8 Descriptive statistics

Pipe operator: take what’s on the left and use it as the first argument of the function on the right.

take_this |>
  and_then_do_this()

To compute the number of observations (n), mean (M), and standard deviation (SD) for a variable, you can use the following code:

# Descriptive statistics for body_mass_g
penguins |>
  summarise(
    n = n(),
    M = mean(body_mass_g, na.rm = TRUE),
    SD = sd(body_mass_g, na.rm = TRUE)
  )

## # A tibble: 1 × 3
##       n     M    SD
##   <int> <dbl> <dbl>
## 1   344 4202.  802.

Without the pipe operator, you would need to always tell R where the variable is located:

nrow(penguins)

## [1] 344

mean(penguins$body_mass_g, na.rm = TRUE)

## [1] 4201.754

sd(penguins$body_mass_g, na.rm = TRUE)

## [1] 801.9545

To get the same statistics for a variable grouped by another variable (e.g., species), you can use the group_by() function:

# Descriptive statistics for body mass by species
penguins |>
  group_by(species) |>
  summarise(
    n = n(),
    M = mean(body_mass_g, na.rm = TRUE),
    SD = sd(body_mass_g, na.rm = TRUE)
  )

## # A tibble: 3 × 4
##   species       n     M    SD
##   <fct>     <int> <dbl> <dbl>
## 1 Adelie      152 3701.  459.
## 2 Chinstrap    68 3733.  384.
## 3 Gentoo      124 5076.  504.

9 Data subsetting

penguins[1, ]           # First row

penguins[, 1]           # First column - by number
penguins[ , "species"]  # First column - by name
penguins$species        # First column - by name

penguins[c(1,2,3), ]    # First three rows

penguins[, c(1,2,3)]    # First three columns - by number
penguins[, c("species", "island", "bill_length_mm")] # First three columns - by name

penguins[c(1,2,3), c(1,2,3)] # First three rows and columns and range shortcut
penguins[1:3, 1:3] # Shortcut : for range of consecutive values

penguins |>
  slice(1:3)

# Subset the data for only Adelie species
adelie_penguins <- penguins |> 
  filter(species == "Adelie")

# Remove specific rows of the penguins dataset
!is.na(penguins$body_mass_g)    # returns TRUE/FALSE for each row

# Filter out rows with NA values in body_mass_g
penguins_no_na <- penguins |> 
  filter( !is.na(body_mass_g) )

# Only keep columns species, body_mass_g
penguins_subset <- penguins_no_na |> 
  select(species, body_mass_g)

10 Creating new columns

You can create new columns in a data frame using the mutate() function from the dplyr package from tidyverse.

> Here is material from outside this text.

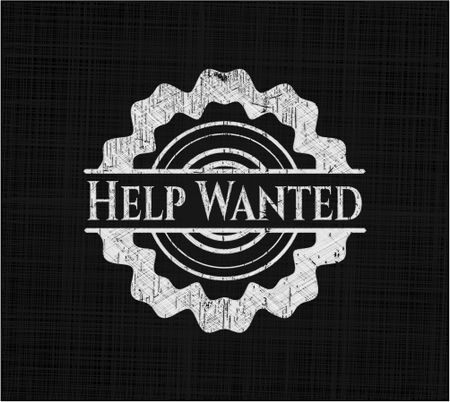 Help Wanted chalkboard emblem written on a blackboard

The syntax works as follows:

data_name |>
  mutate(new_column_name = expression)

For example:

# Create a new column for body mass in kg
penguins <- penguins |>
  mutate(body_mass_kg = body_mass_g / 1000)

# Create a new column for bill length and depth in cm
penguins <- penguins |>
  mutate(
    bill_length_cm = bill_length_mm / 10,
    bill_depth_cm = bill_depth_mm / 10
  )

If you want to overwrite an existing column, you can do so by using the same name in the mutate() function.

11 Factors

Sometimes categorical variables are not stored as characters/factors. They could be stored as numbers which represent categories.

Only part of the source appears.